The article is a highly entertaining attack on mainstream psychology methods by what one might call the method enthusiasts. I should say that I too like fancy methods, but I try to constrain myself to when they also make a practical difference (my coauthors constantly try to persuade me to use simpler methods so reviewers won’t fret too much).

Thus, even though psychometric modeling has seen rapid and substantial developments in the past century, psychometrics, as a discipline, has not succeeded in penetrating mainstream psychological testing to an appreciable degree. This is striking. Measurement problems abound in psychology, as is evident from the literature on validity (; ; ), and it would seem that the formalization of psychological theory in psychometric models offers great potential in elucidating, if not actually solving, such problems. Yet, in this regard, the potential of psychometrics has hardly been realized. In fact, the psychometric routines commonly followed by psychologists working in 2006 do not differ all that much from those of the previous generations. These consist mainly of computing internal consistency coefficients, executing principal components analyses, and eyeballing correlation matrices. As such, contemporary test analysis bears an uncanny resemblance to the psychometric state of the art as it existed in the 1950s.

I think the answers are quite simple: 1) simple classical test theory psychometrics works well enough in practice; IRT methods add little validity, and test bias is rarely important, and when it is, it’s rather obvious (non-native language users), 2) psychologists don’t like math and usually can’t code, so the fancier methods are not accessible to them and they have little interest in them. Ordinarily psychologists are interested in people, not things. Psychometrics is for autistic psychologists.

Many investigations into the structure of individual differences theorize in terms of latent variables, but rely on Principal Components Analyses (PCA) when it comes to the analysis of empirical data.
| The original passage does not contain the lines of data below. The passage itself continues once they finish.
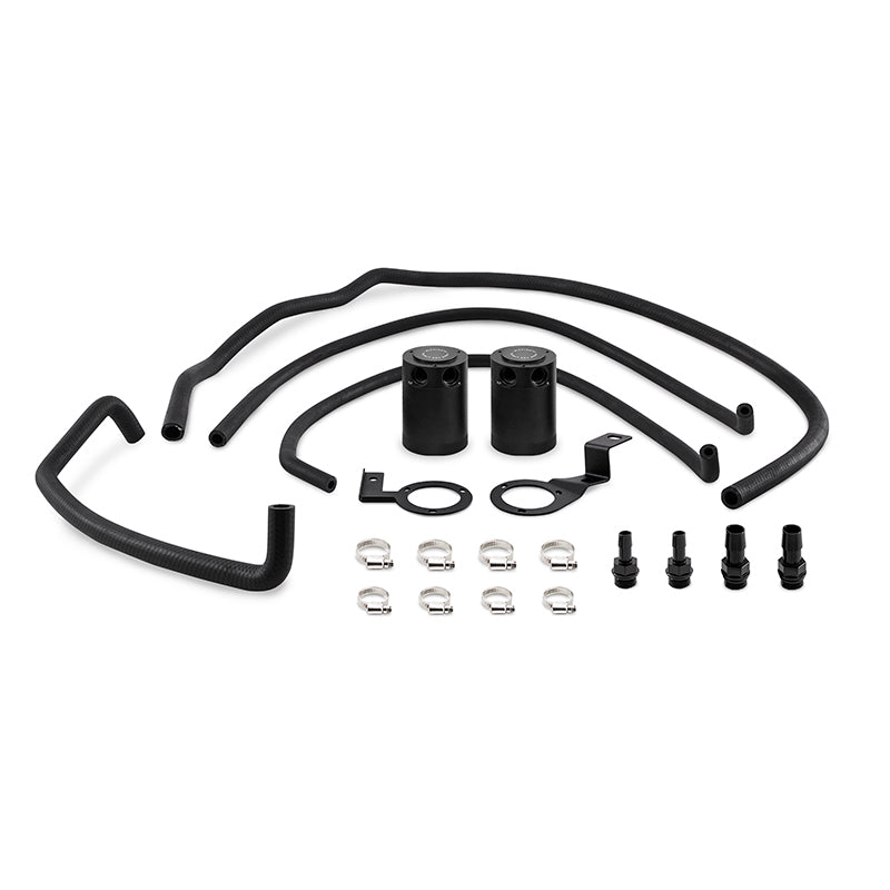 Mishimoto is proud to be expanding their line of 2015 WRX parts! The Mishimoto 2015-2016 WRX Baffled Oil Catch Can System is designed and engineered to reduce carbon buildup, a common issue with direct fuel injection engines such as the FA20-DIT. This 2015-2016 WRX system includes two Mishimoto Compact Baffled Oil Catch Cans, designed to separate oil particles from the PCV/CCV air that would normally be routed back to your intake. The internal air diverter turbulates the air longer and ensures all the oil sinks to the bottom of the can, leaving nothing but clean air to pass through the 50-micron bronze filter to the intake. An internal baffle keeps the collected oil from splashing around under race conditions. The 100% billet, 6061 aluminum cans include two black CNC-machined aluminum fittings and direct-fit steel powder-coated brackets which mount the cans in serviceable locations. This makes maintaining your 2015-2016 WRX system a breeze, as the cans are also 100% washable, unlike many other cans that require you to replace your filtration system. To connect the cans to your PCV and CCV systems, the Mishimoto 2015-2016 WRX Baffled Oil Catch Can System includes application-specific hoses, keeping your engine bay looking clean! Whether you are entering your 2015-2016 WRX in the local rallycross, or lapping at your next track day, trust Mishimoto and our line of 2015 WRX parts to keep your WRX cool. This kit, like our entire line of 2015 WRX parts, includes the signature Mishimoto Lifetime Warranty. Our catch cans are different from most air-oil-separator (AOS) systems on a few levels. First, our catch cans are not heated. This means that all of the blow-by is able to condense in the can, including low-octane oil vapors and contaminated fuel vapors. Most AOS systems also drain the blow-by back into the oil pan, while our catch cans trap the blow-by and ke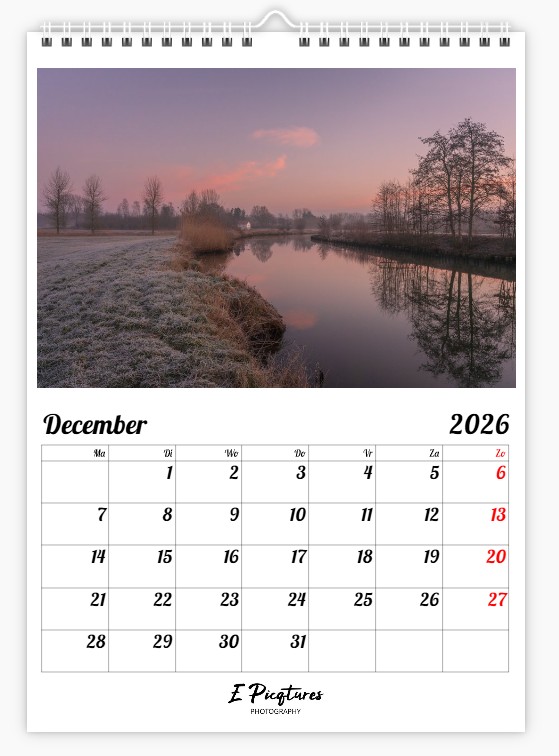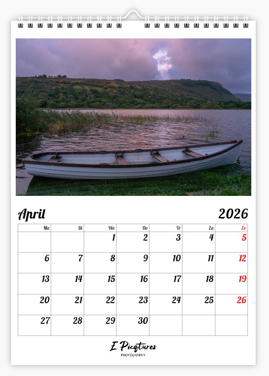 Het is een grote A3-kalender met foto’s van mooie afmetingen en voldoende ruimte om al je afspraken te noteren. Hij kost €25 bij afhaling en €30 bij verzending.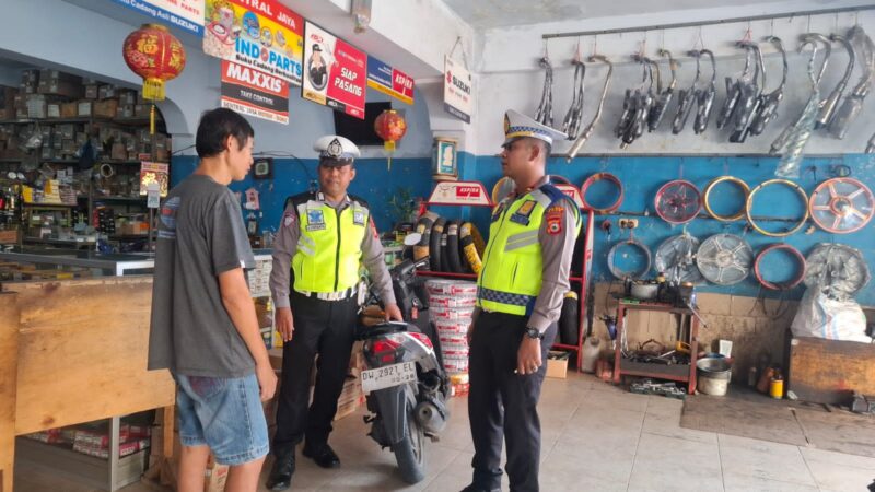 Unit Kamsel Satlantas Polres Bone memberikan imbauan dan sosialisasi kepada pemilik bengkel Toko Sentral Jaya Jalan Sukawati.

However, the extraction of a principal components structure, by itself, will not ordinarily shed much light on the correspondence with a putative latent variable structure. The reason is that PCA is not a latent variable model but a data reduction technique (e.g., ). This is no problem as long as one does not go beyond the obvious interpretation of a principal component, which is that it is a conveniently weighted sumscore. Unfortunately, however, this is not the preferred interpretation among the enthusiastic users of principal components analysis.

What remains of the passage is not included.